I have this equation:
$$g_k(z)=\frac{z^6+1}{z-z_k}=\sum\limits_{i=0}^{5} z_k^iz^{5-i}$$
$z_k$ are the singularities of $f(z)=\frac{1}{z^6+1}$ with $k=0,..,5$. Afterwards I want to determine the residues of this function to compute the integral $$I=\frac{1}{2}\int\limits_{-\infty}^{+\infty} \frac{dx}{x^6+1}$$
I only need help to understand the equation above. Thanks for your help!
On
Note that the following are equivalent in this case:
The expression you're curious about can be found by polynomial long division.
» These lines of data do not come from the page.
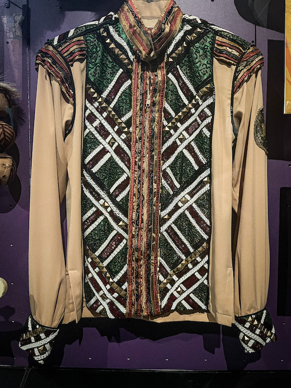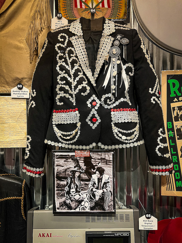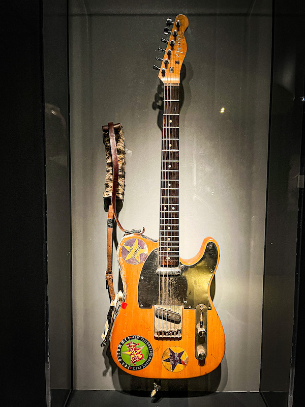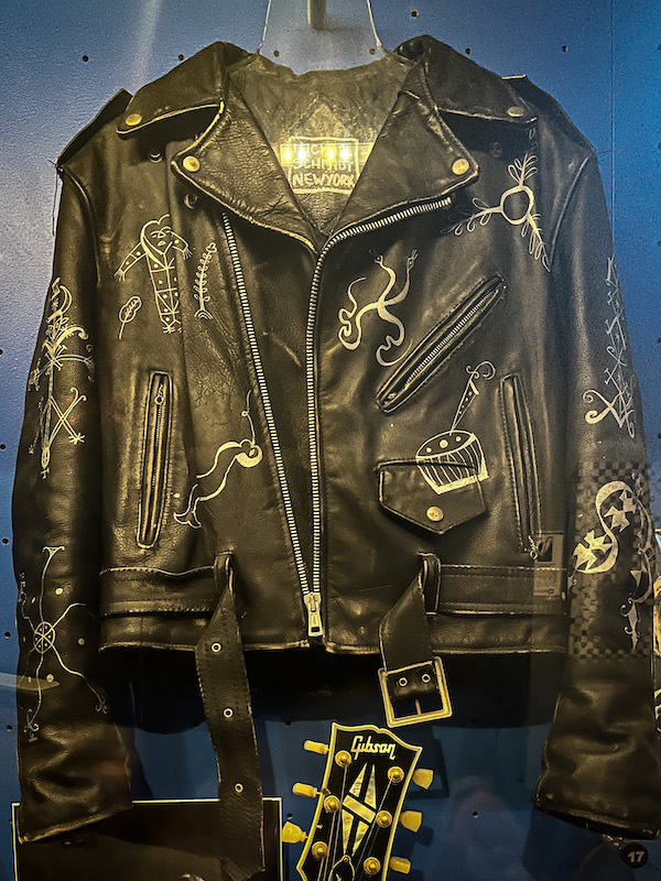 Iggy’s leather jacket, The Clash flyers and Joe Strummer’s guitar…and Meg White’s (The White Stripes) pearly queen jacket.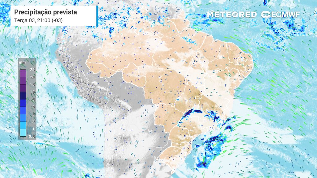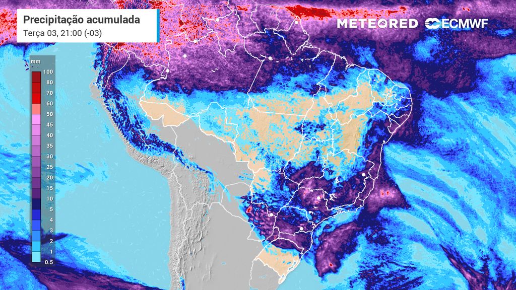 Na terça-feira (3), a massa de ar frio se afasta mais para o oceano. Assim, a região mais instável que vinha atuando entre o Paraguai e o centro-sul do Brasil consegue se deslocar mais pelo Brasil.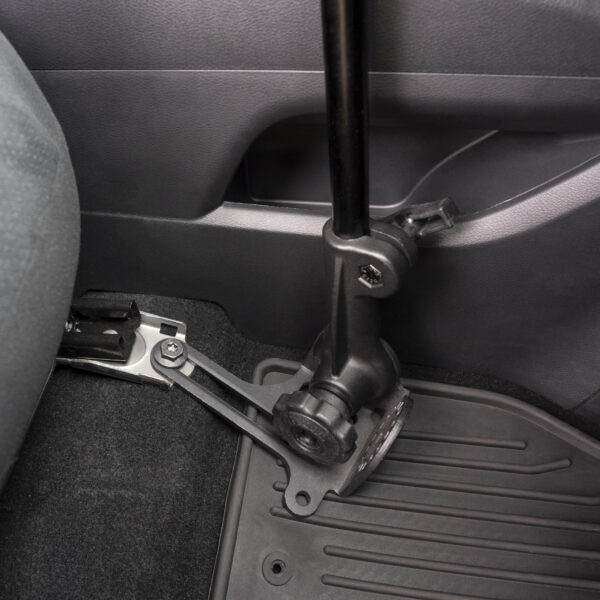 • Universal vehicle mount attaches to seat rail without any drilling necessary; ideal for tablets and small laptops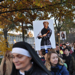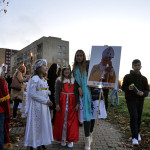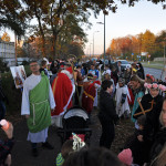 W wigilię uroczystości Wszystkich Świętych parafianie z franciszkańskiej „górki” po raz 6 zorganizowali „ Marsz Wszystkich Świętych” i przeszli ulicami naszej parafii.  Punktualnie o godz: 16.00 jak co roku wyruszyliśmy z pod kapliczki przy Szkole Podstawowej nr. 18 w Dąbrowie Górniczej – Gołonogu w barwnym korowodzie ulicami naszej parafii. Czyż nie jest to piękne świadectwo, że należymy do Kościoła, który trwa ponad 2000 lat. Idą dziadkowie, rodzice, młodzież i dzieci, aby podkreślić, że rodzina jest najważniejsza, rodzina to żywy Kościół. Dzieci, młodzież oraz rodzice przebrali się w stroje postaci naszych świętych, z pieśniami na ustach niosą naszych uwielbianych świętych; św. Franciszka założyciela zakonu Franciszkanów, św. Antoniego naszego ukochanego patrona parafii, św. Maksymiliana, który oddał życie za współwięźnia w KL Auschwitz, św. Jana Pawła II naszego polskiego Papieża, bł. Michała i Zbigniewa męczenników z Pariacoto.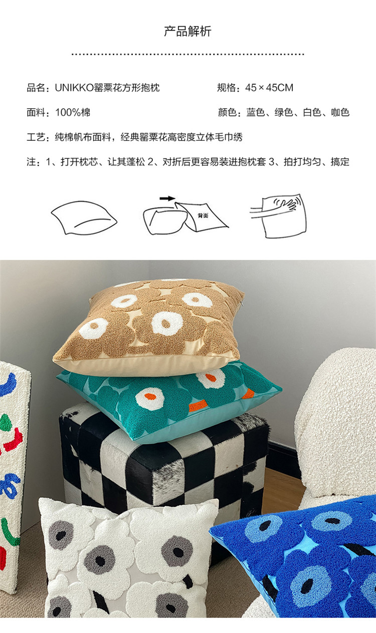 商品名称:美茉 2022新款花方形抱枕 绿色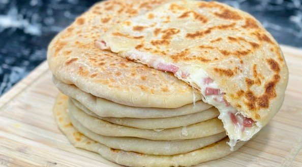 Ovi preukusni hlepčići se pripremaju bez uključivanja rerne i veoma su ekonomični. Testo se pravi od samo četiri jednostavna sastojka, neverovatno je mekano, ne zahteva dugotrajno mešenje i uopšte ne sadrži kvasac. Pogledajte samo to predivno, rastegljivo topljeno punjenje i zlatnu koricu pečenu u tiganju na fotografiji! Krenimo na brzu pripremu ovog fantastičnog obroka.
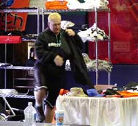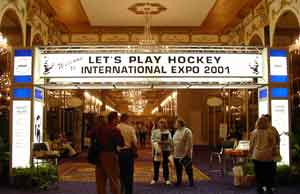 まずは会場であるが,当パリィスホテルの宴会場(日本ならさしずめ「白鳳の間」?)を3会場確保して開催されている。正式名称は「Let's Play Hockey INTERNATIONAL EXPO 2001」となっている。入口で入場証をみせるとおばちゃんがすかさずGEARのビニール袋をくれた。労せずして既にホッキー関連グッズを手に入れてしまった。この先どんな極楽浄土が待っているか,それはもう期待に胸ふくらませてしまった。

It can be checked by multiplying both sides by $z-z_k.$ In both cases, we must bear in mind that $z_k^6=-1.$
On
First $(z_k^6+1) =0 $ $$ z^6+1=z^6 +1-(z_k^6+1)=z^6-z_k^6= (z-z_k)\sum_{i=1}^{5} z_k^i z^{5-i} $$ Then for $a>1$ $$\int_{-\infty}^{\infty} \frac{dx}{|x|^a +1} = 2\int_{0}^{\infty} \frac{dx}{x^a +1} = \frac{2}{a}\int_{0}^{\infty} \frac{u^{\frac{1}{a}-1}}{u +1} du =\frac{2}{a}B\left(\frac{1}{a}, 1-\frac{1}{a}\right) = \frac{2}{a}\Gamma\left(\frac{1}{a}\right)\Gamma\left(1-\frac{1}{a}\right) $$
take a= 6
As $z_k^6=-1$, you get $$ z^6+1=z^6-z_k^6=(z-z_k)(z^5+z^4z_k+…+zz_k^4+z_k^5) $$ as in the binomial theorems or geometric sums.
Note that also $$ z^6+1=(z^2+1)(z^4-z^2+1)=(z^2+1)((z^2+1)^2-3z^2) \\ =(z^2+1)(z^2+\sqrt3z+1)(z^2-\sqrt3z+1) $$ which allows to compute the integral using partial fraction decomposition and the arcus tangent.